As you can see about a memory leak of over 1GB.

Perhaps its just a Unity thing, though I don't see how. I am using the latest dev build of onnxruntime directml and the onnxruntime managed library.

Same experiment but without external weights file: (no memory leak here) screenshot_taskmanager2 Therefor my only conclusion can be is that the external weights files are not getting cleared by Dispose.

fdwr commented 1 year ago

@pauldog I repro it when running a longer loop. It's definitely, like you say, related to these separate weight files.

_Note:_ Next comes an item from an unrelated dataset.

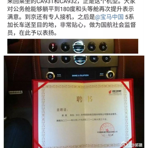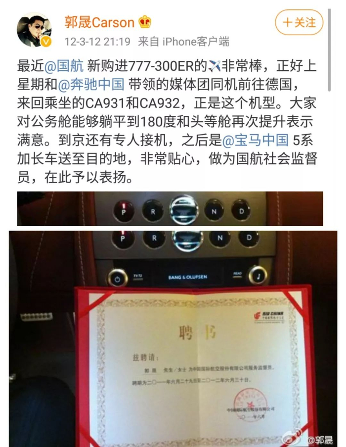 随后有网友翻出了2011年6月国航颁发给名为“郭晟Carson”网友的社会监督员证书,在它这个微博上,还非常开心自己成为了国航服务监督员。

βœ… CPU EP + C# βœ… CPU EP + C++ βœ… DML EP + C# + single model βœ… DML EP + C++ + single model ❌ DML EP + C# + separate weights ❌ DML EP + C++ + separate weights (e.g. SD1.5)

image

ssube commented 1 year ago

fwiw, I don't think this behavior is specific to C# or DirectML: I have a Python program doing repeated inferences and it reliably runs out of memory after about 95 runs, with a very similar memory graph, on both CUDA and DirectML (attempting to test on ROCm as well). It does seem to be related to models with external weights, I have not seen it on smaller single-file models, but the SD v1.5 UNet hits about ~300GB of virtual memory on the CPU side within 100 runs, even if I close the sessions/options. Unloading and reloading the model after 10 runs frees up VRAM, but does not fix the CPU side. Restarting the worker process entirely after 10 runs does free up all of the memory, but requires multiprocessing and reloading everything.

elephantpanda commented 1 year ago

yes, it needs to be fixed to be able run model >2GB without leaking memory.

pranavsharma commented 1 year ago

I can repo this on CUDA as well. Will try to take a look this week.